We have demonstrated the two proposed models through forecasting for sex-specific mortality with the observed data from Japan. The wMFPCA model consists of the mean functions and the functional principal components of each subpopulation with corresponding scores shared by all subpopulations. We can obtain the forecasts of the wMFPCA model by extrapolating the shared principal component scores ahead with any non-stationary time series model, such as ARIMA model in the numerical examples. Coherence is another important issue that aims to be addressed in this article. The coherent wMFPCA model includes two primary components: the average components among all subpopulations and each subpopulation's component that deviated from the average component. The coherence is ensured by applying a stationary time series model for the forecasts of the deviation components corresponding PC scores. Under the stationary time series scheme, it guarantees that the extrapolated PC scores of the deviation components converge so that the deviation components also converge to their age-specific constants in the long run. As the long-term forecasts of all the subpopulation's deviation components converge to constants and all different subpopulations share the same average components in the proposed model, they gradually lose the ability to affect the mortality change, and their impacts on the mortality change are also equal in the long term. Therefore, the forecasted mortality differences among all subpopulations are constrained, leading to a similar constraint on the predicted life expectancy curves among all subpopulations in the meantime. The whole population's mortality change is eventually dominated by the long-term forecasts of the average components. This non-divergent forecastability of the proposed coherent wMFPCA model is confirmed by the forecasts of mortality sex ratios and life expectancy cures in the numerical examples of this article.
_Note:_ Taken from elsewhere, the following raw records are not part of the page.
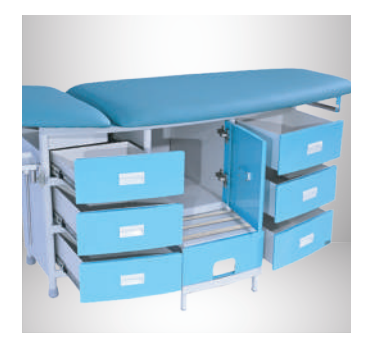
Adequate Storage Space Providing easy access to essential supplies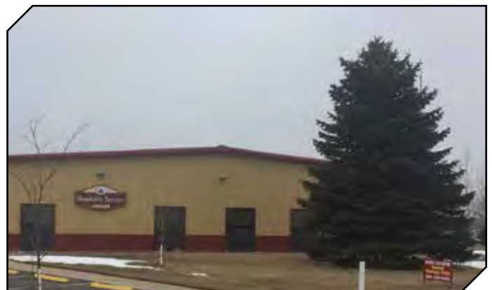
April – Hospitality Services 821 Circle Dr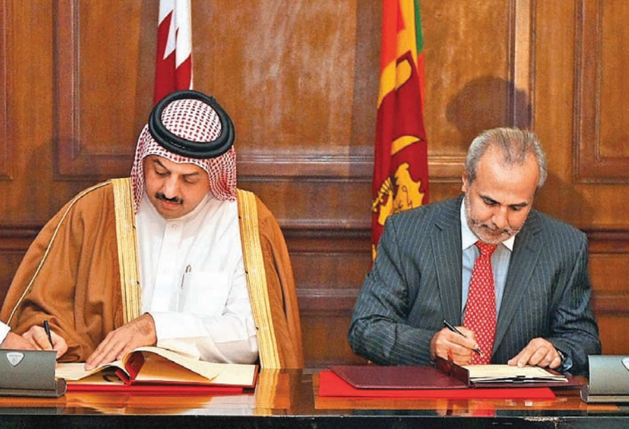
Justice Minister Rauff Hakeem signing an agreement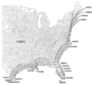
Figure 1.1 IBC Basic Wind Speeds: Basic Wind Speeds: Risk Category II.

The United States wind speed map provides information on basic wind speed in miles per hour in geographic zones. The basic wind speed maps are categorized based on Risk Category I, II, III and IV. Risk Category is selected based on the Use or Occupancy of Buildings and Structures. Please refer to ASCE 7-10, Table 1.5-1 for details. Standby power system is usually considered in Risk Category II or III and IV. Figures 1 and 2 show basic wind speed versus geographic regions in the United States for Risk Category II, III and IV, respectively. The first step is to identify the Risk Category based on the Use or Occupancy factor based on ASCE 7-10. Table 1.5-1 is used to determine the installation location's basic wind rating speed. While most of the United States has a basic wind rating speed of 110 miles per hour, special regions, particularly along the Atlantic and Gulf coasts, have ratings of up to 186 miles per hour. Figure 1 shows basic wind speed versus geographic regions in the United States.

It is worth mentioning that Shang [Citation35] and Wu and Wang [Citation37] also proposed a similar approach using the multilevel functional principal component analysis framework for coherent mortality forecasting. The multilevel functional principal component structure relies on the set of the subpopulation-specified PC scores for different subpopulations but sharing the same set of eigenfunctions among all the subpopulations in the deviation components, which implies that the subpopulation-specified PC scores are not independent and hence some multivariate or vector autoregressive moving average models with stationary restriction are required to extrapolate all the correlated subpopulation-specified PC scores for coherent forecasting [Citation37]. Moreover, estimating the subpopulation-specified PC scores using the multilevel functional principal component analysis for multilevel function data involves extra difficulties because the shared eigenfunctions in different levels are not necessarily mutually orthogonal. Some additional assumptions may thus be needed to estimate the subpopulation-specified PC scores and the shared eignfunctions in a probabilistic structure [Citation37]. In contrast, the multivariate functional principal component framework that we adapted for the proposed coherent wMFPCA model provides a much more straightforward idea to achieve the same coherent forecasting task than the multilevel functional principal component approach. The proposed coherent wMFPCA model allows each subpopulation to have its own set of eigenfunctions but sharing the same set of PC scores among all the subpopulations. Given that the shared PC scores are uncorrelated, there is no need to consider multivariate or vector autoregressive models when we extrapolate the set of the shared PC scores for forecasting. Coherent forecasts can be achieved simply by extrapolating the set of PC scores in each dimension using some stationary time series models independently. The estimation of the shared PC scores is also straightforward with no extra assumptions imposed because the eigenfunctions in the multivariate FPCA framework are mutually orthogonal.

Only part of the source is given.